Choose a directory for installing MPICH3 (we use /usr/local/mpich), and then compile and install MPICH3.

./configure -prefix=/usr/local/mpich --disable-fortran
sudo make
sudo make install

Append the following two environment variables to the file $HOME/.bashrc. Here, $HOME, ~ and /home/{your_username} are equivalent, which is your home folder.

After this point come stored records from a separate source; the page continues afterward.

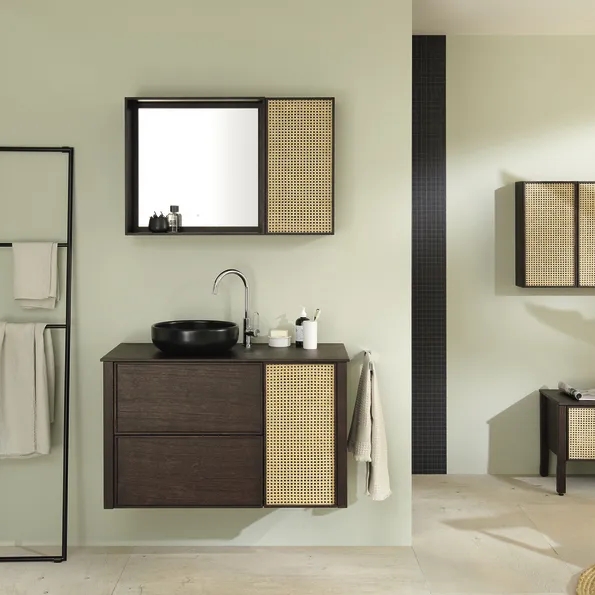 Burgbad MAX Комплект мебели 100х49х72см, подвесной, с раковиной, с зеркалом, с 2 ящиками, цвет: Dark chocolate oak SGJX100L C0038 F5350 G01 G0236
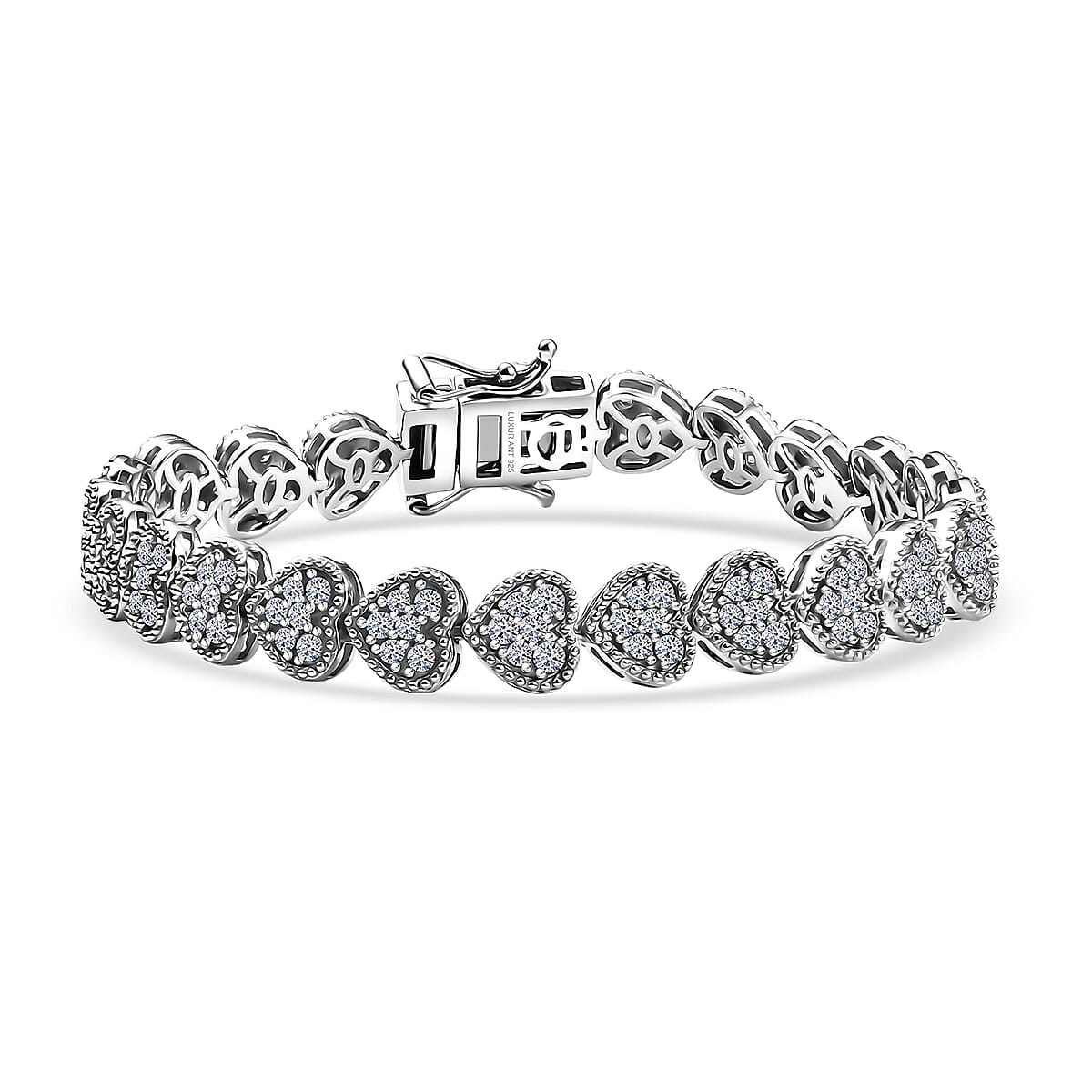 Doorbuster Luxuriant Lab Grown Diamond G-H SI 4.15 ctw Heartstrings Bracelet in Rhodium Over Sterling Silver (8.00 In)
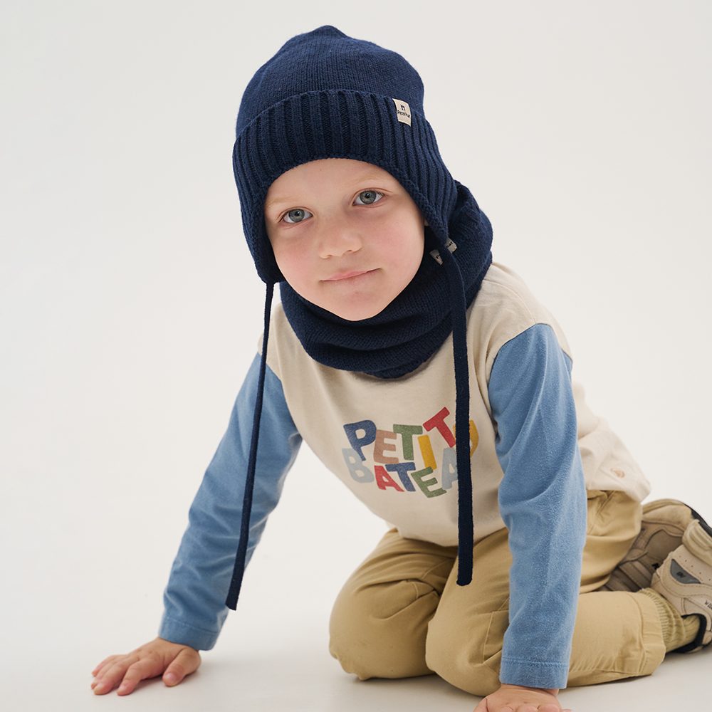 Синяя шапка обеспечивает плотное прилегание к голове и защиту ушей и лба от ветра и прохлады. Внутренний слой мягкий и тёплый, внешний сохраняет форму и тепло. Глубокий синий оттенок универсален и гармонирует с любым верхом, придавая образу сдержанную выразительность.
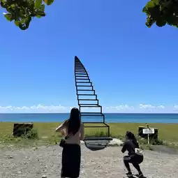 There is an art landscape on the coastal road in Hualien called Stairway to Heaven. It looks really visually impaired from a certain angle🥹. It attracts many people to take photos as a souvenir. It feels like you are really going to heaven. I think it is cool.
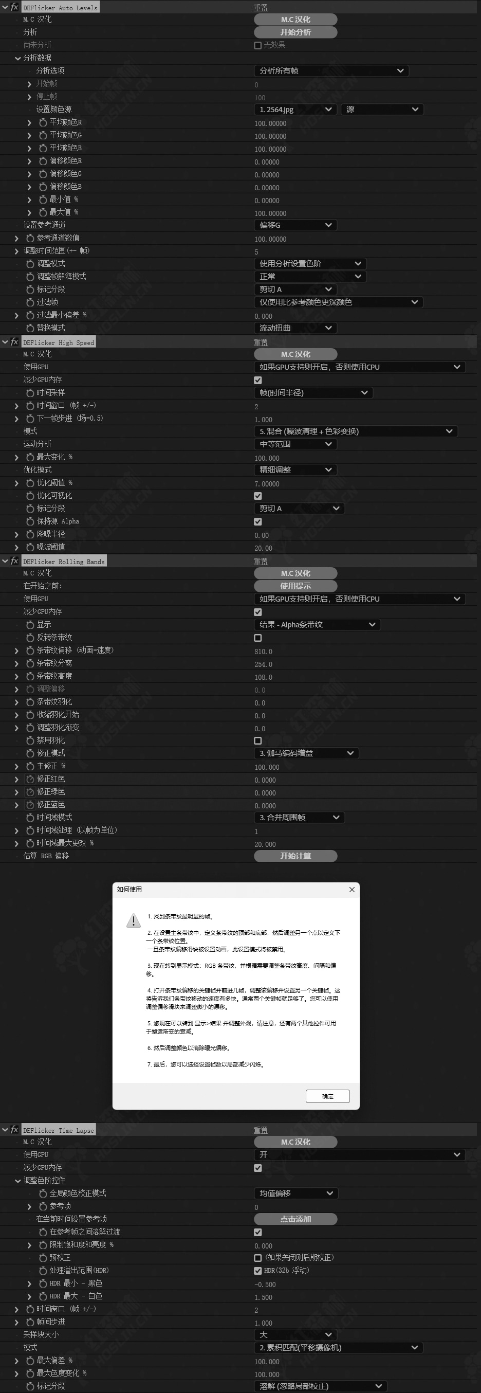 - DE:Flicker Auto Levels(自动去除闪烁插件):分析画面的颜色和亮度,自动去除闪烁
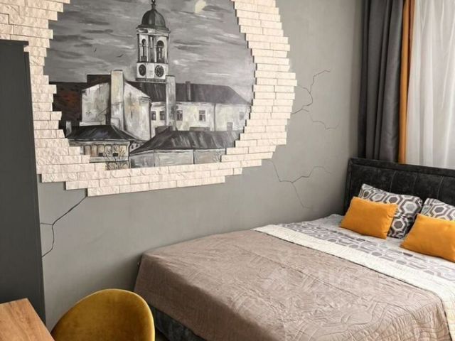 У Вас будет в распоряжении спальня с прекрасным панорамным видом на город и бухту. В спальне есть двуспальная кровать, стол для работы возле окна, а так же интересные предметы интерьера.
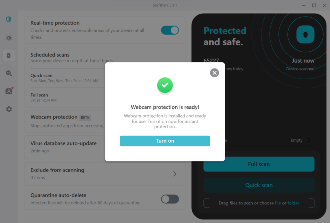 The Surfshark webcam protection feature protects you from potential hackers accessing your webcam.
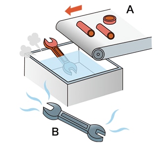 - 使钢变得刚硬的热处理。普通的钢加热至约700°C时,材料会变红,晶体结构和性质开始发生变化。这种性质变化被称为“相变”,变化开始的温度被称为“相变温度”。所谓淬火,是指在超过相变温度的温度下,将铁的晶体转变为碳可以大量溶解在内的奥氏体,将碳固溶到铁的晶体中,然后用水或油进行快速冷却,由此转变为马氏体这一非常硬的晶体的热处理。
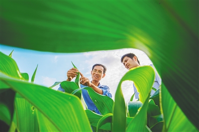 在南繁育种基地,科研人员将帐篷扎在试验田旁,迎着晨光察看秧苗长势,并在笔记本上记下一连串数据;
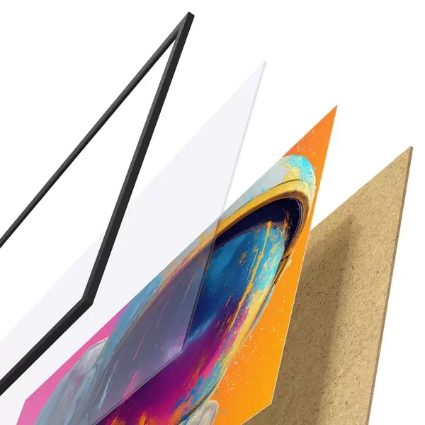 A poszter keretből, plexiből, nyomtatott képből és forgácslap hátlapból áll. A poszter a hátoldalon található rögzítőknek köszönhetően azonnal felakasztható a falra.
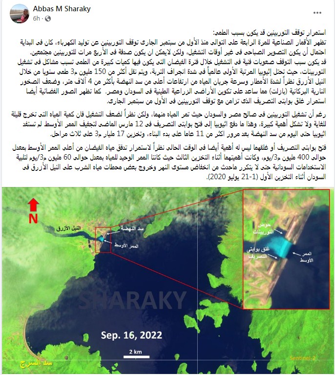 وكتب عباس شراقي تدوينة على الفيس بوك "استمرار توقف التوربينين قد يكون بسبب الطمى: تظهر الأقمار الصناعية للمرة الرابعة على التوالى منذ الأول من سبتمبر الجارى توقف التوربينين عن توليد الكهرباء، كان فى البداية احتمال أن يكون التصوير الصباحى فى غير أوقات التشغيل، ولكن لايمكن ان يكون صدفة فى الأربع مرات للتوربينين مجتمعين."
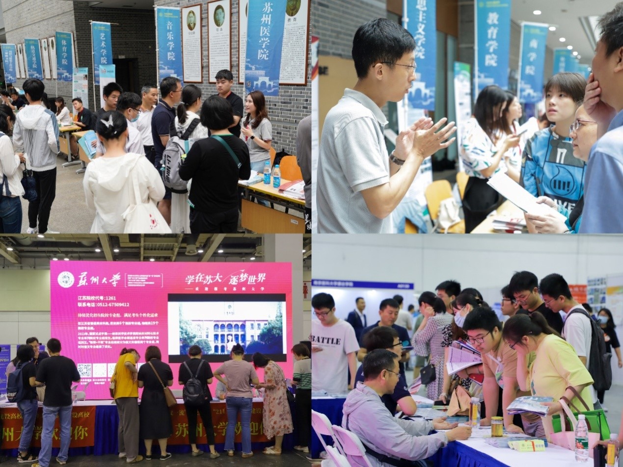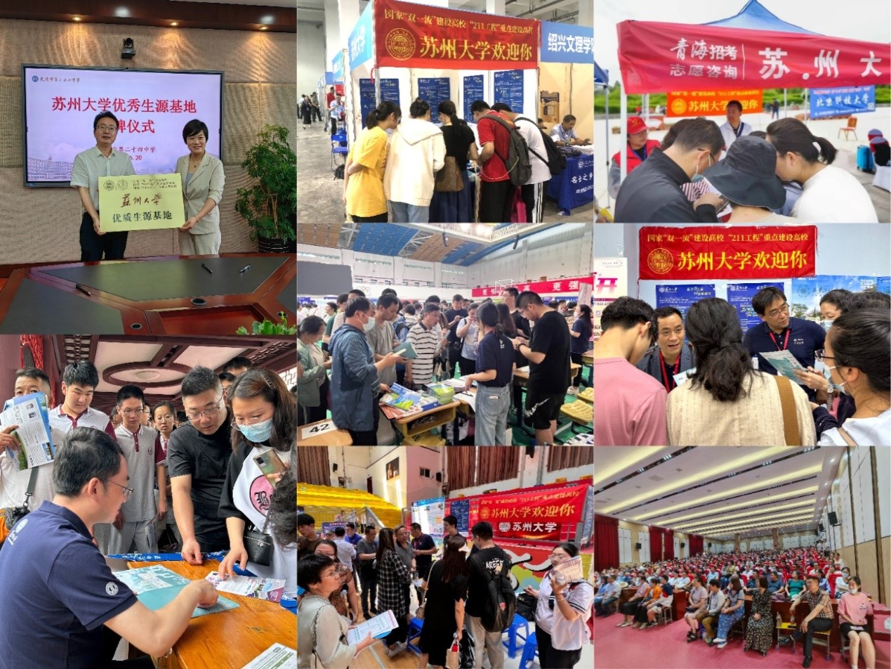 紧跟节奏不掉队,高考出分前夕,招生就业处处长靳葛专程走访连云港、宿迁、苏州等地多所中学,开展招生政策专题讲座和志愿填报指导服务,吹响了招生宣传的冲锋号角。各学院(部)招生组也积极行动,广泛开展各类招生宣传活动。线上,精心制作微信图文解读学院专业办学信息,线下,省内164场、省外208场招生宣传活动,苏大的展位前总是围满了前来咨询的家长考生,招生组老师一一解答填报问题,天南海北都留下了“苏大招生人”的身影,“苏大强”海报在各地醒目呈现。
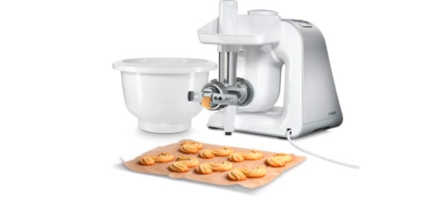 Doch Bosch hat die Serie nicht nur optisch aufgefrischt, die Küchenmaschinen sind noch leistungsfähiger und vielseitiger geworden: 1.000-W-Motor, Planetengetriebe und die neue bis zu 1 kg Mehl plus weitere Zutaten fassende Edelstahlschüssen erleichtern das heimische Backhandwerk. Liebhaber von Kleingebäck werden sich über das neue Lifestyle-Set „BakingSensation“ freuen: bis zu vier verschiedene Gebäckvarianten lassen sich mit dem Fleischwolf in Kombination mit dem Spritzgebäckvorsatz zu köstlichem Gebäck verarbeiten, in Kringel oder Streifen legen – und das ohne klebrige Finger. Zudem beinhaltet das Set eine zusätzlich Kunststoffschüssel – besonders geeignet für schweren Hefeteig.

export MPICH_HOME=/usr/local/mpich
export PATH=$PATH:$MPICH_HOME/bin

Compile the file with the command source $HOME/.bashrc (You may do this later after adding more enviromental variables).

JDK Installation

Hadoop requires Java 5+ (aka Java 1.5+) to work. We thus first install OpenJDK 7 as follows.

# For Ubuntu users
sudo apt-get install openjdk-7-jdk
[type password]
# For CentOS users
sudo yum install java-1.7.0-openjdk-devel
[type password]

It is also necessary to add the following environment variables to the end of the file $HOME/.bashrc.

# For Ubuntu user
export JAVA_HOME=/usr/lib/jvm/java-7-openjdk-amd64
export LD_LIBRARY_PATH=$LD_LIBRARY_PATH:$JAVA_HOME/jre/lib/amd64/server
# For CentOS user
export JAVA_HOME=/usr/lib/jvm/java-1.7.0-openjdk
export LD_LIBRARY_PATH=$LD_LIBRARY_PATH:$JAVA_HOME/jre/lib/amd64/server

Compile the file with the command source $HOME/.bashrc (You may do this later after adding more enviromental variables).

SSH Configuration

Both Hadoop and MPI requires password-less SSH connection between the master and all the slaves. If SSH server is not installed on your Linux, install it as follows.

# For Ubuntu user
sudo apt-get install openssh-server 
# For CentOS user
sudo yum install openssh-server

If SSH server is not started, start it using command sudo /etc/init.d/ssh start.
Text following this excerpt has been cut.